Notes on a Gaussian-Based Distribution Algebra for the Non-linear Wave Equation of the Shift Vector in Quantum Foam

In these notes, a non-linear distributional renormalisation algebra is developed, tailored to the geometry of Gaussian Quantum Foam. The construction is based on sequences of smooth Gaussian functions restricted to spacelike hypersurfaces in a sequence of homotopic and globally hyperbolic spacetimes, converging in the sense of distributions to Quantum Foam. 

A restricted subspace of Schwartz functions is defined, consisting of finite products of scaled Gaussians supported on the hypersurfaces. An associated distribution space is introduced as the space of distributional limits of such sequences. The resulting renormalisation algebra is closed under addition, multiplication, and arbitrary-order differentiation, with all non-linear operations defined at the level of smooth representatives prior to taking the limit.
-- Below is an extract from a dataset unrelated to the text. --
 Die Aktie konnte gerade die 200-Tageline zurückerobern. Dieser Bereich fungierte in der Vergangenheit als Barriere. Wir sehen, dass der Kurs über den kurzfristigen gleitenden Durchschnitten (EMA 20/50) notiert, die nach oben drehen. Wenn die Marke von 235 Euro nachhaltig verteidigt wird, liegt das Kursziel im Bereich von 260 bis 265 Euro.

This algebra is then applied to the non-linear scalar wave equation governing the shift vector field. In the distributional limit, the wave operator acting on the Gaussian sequence yields a linear combination of the Dirac measure and its second-order derivative, which together encode the singular curvature response of the collapsing Quantum Foam element.
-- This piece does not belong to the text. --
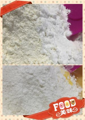 土豆淀粉、低筋粉及泡打粉混合并用刮刀搅拌均匀,然后过筛倒入3中。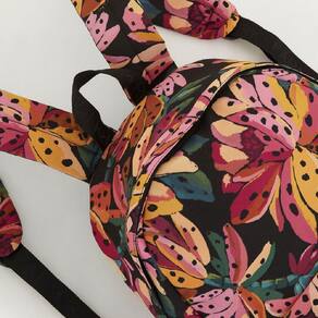 Estampa floral tropical exclusiva FARM Modelo espaçoso e funcional Bolso frontal para praticidade no dia a dia Alças ajustáveis para maior conforto Ideal para passeios, viagens ou uso diário

The presence of the measures second-order derivative signals a sharply localised curvature impulse, consistent with a quantum geometric source driving the displacement of the vacuum. Meanwhile, the measure term corresponds to a uniform shift across the hypersurfaces, reflecting residual translation in the emerging classical geometry.

In the classical limit, the non-linear wave equation reduces to the massless vacuum Klein–Gordon equation, thereby linking the quantum and classical regimes through a unified distributional formalism.